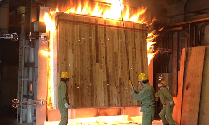 「木は燃えるのに時間がかかるという性質があります。そのスピードは毎分約1mm。厚さ90mmのCLTの場合、1時間以上も耐えることができます。そこからさらに燃え続けても、厚さ50mmまで燃えたあたりで炭化し、燃え進まなくなる『燃えどまり』という状態になり、建物の構造体としての強度を一定程度維持することが可能です。鉄骨の場合、温度が上昇すると強度が低下し変形するのに対し、木造はすぐに倒壊するということはないので、火災が起こったとしても避難する時間が確保できます」
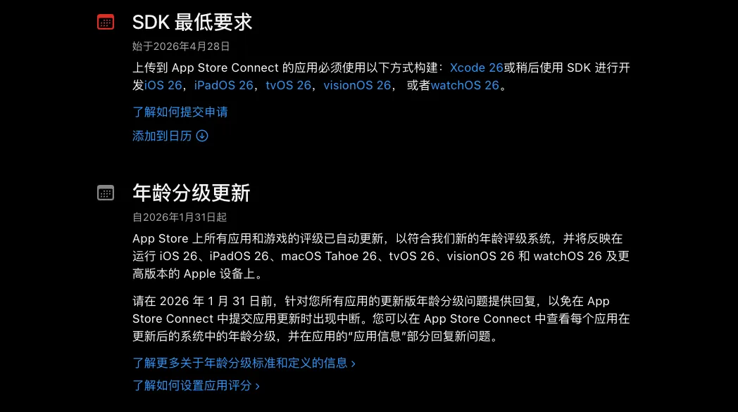 苹果“挟天子以令诸侯”,通过 App Store 来强行修正生态。根据苹果开发文档的最新要求,从 2026 年 4 月 28 日起。所有在 App Store 上架的应用、都必须用 iOS 26 的 SDK 来构建。
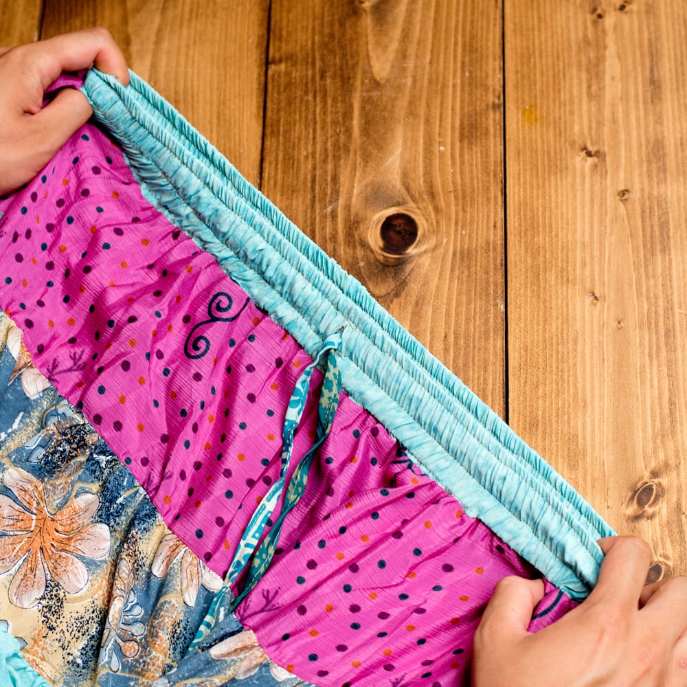 使われているサリー生地は層のようにトータル4種類。それぞれをつなぎ合わせたパッチワークになっています。さらに、アンティークサリーなので、それぞれが同じ組み合わせのない一点もの。自分だけの特別な1枚になりますよ。また、お送りするスカートは、ハンガーに掛けて片方を広げてある写真一枚目の物となります。

####################

-- Goal of the exercise --
Repeat the listing word for word, and skip every picture it contains.

-- Task output --
 「木は燃えるのに時間がかかるという性質があります。そのスピードは毎分約1mm。厚さ90mmのCLTの場合、1時間以上も耐えることができます。そこからさらに燃え続けても、厚さ50mmまで燃えたあたりで炭化し、燃え進まなくなる『燃えどまり』という状態になり、建物の構造体としての強度を一定程度維持することが可能です。鉄骨の場合、温度が上昇すると強度が低下し変形するのに対し、木造はすぐに倒壊するということはないので、火災が起こったとしても避難する時間が確保できます」
 苹果“挟天子以令诸侯”,通过 App Store 来强行修正生态。根据苹果开发文档的最新要求,从 2026 年 4 月 28 日起。所有在 App Store 上架的应用、都必须用 iOS 26 的 SDK 来构建。
 使われているサリー生地は層のようにトータル4種類。それぞれをつなぎ合わせたパッチワークになっています。さらに、アンティークサリーなので、それぞれが同じ組み合わせのない一点もの。自分だけの特別な1枚になりますよ。また、お送りするスカートは、ハンガーに掛けて片方を広げてある写真一枚目の物となります。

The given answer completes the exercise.